To enable or disable an Account, follow these steps:
- From the Sidebar, click Configuration > Accounts.
- Click the Name of the Account you want to enable or disable.
- Click the Enable or Disable button above the Account details, depending on the current status.
Changes to the Account's Enabled/Disabled status are not active until the Account reconnects. Disabling an Account is a good alternative to deleting an Account.
Deleting an Account
To delete an Account, follow these steps:
- From the Sidebar, click Configuration > Accounts.
- Click the Name of the Account you want to delete.

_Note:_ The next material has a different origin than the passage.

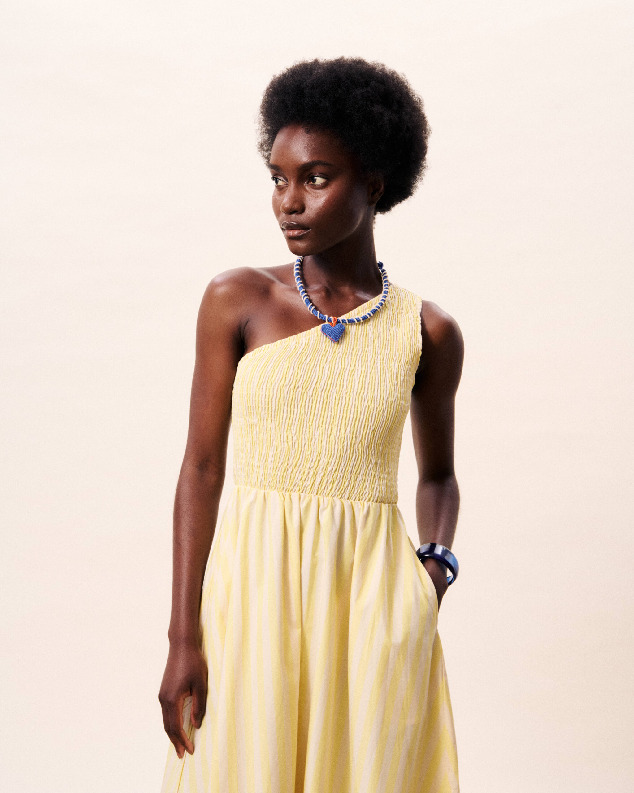 Γυναικείο Maxi Κίτρινο Φόρεμα Έναν Ώμο – FRNCH- LUCY PARIS
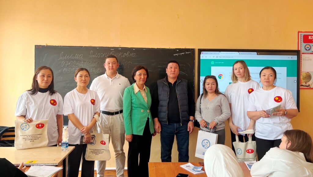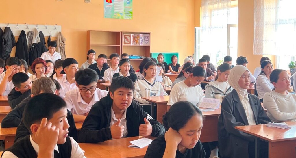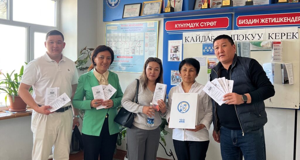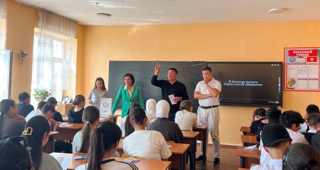 Алар мектептин бүтүрүүчү класстарынын окуучуларына институт жөнүндө маалымат беришип, буклеттерди таркатышты жана кыска видеороликтерди көрсөтүштү. Пединституттун өкүлдөрү о.э. окуучулардын суроолоруна жооп беришип, аларды кесипти туура тандоого үндөштү.

- Click the Delete button above the Account details.
- You will be asked to confirm the deletion. Click Delete.
Deletion cannot be undone. Deleting an LDAP Account should be done with caution, as UDMG does not automatically resynchronize with the LDAP directory. To avoid inconsistencies, ensure the Account is also removed from the LDAP system.
Troubleshooting
If an Account is experiencing connection issues, verify the following:
1. Authentication details: Ensure the Account's Username, Password, and any associated Credentials (e.g., SSH keys) are correct and valid.
2. Pipeline and Endpoint status: Confirm that the Pipelines and Endpoints associated with the Account's Account Groups are enabled and properly configured.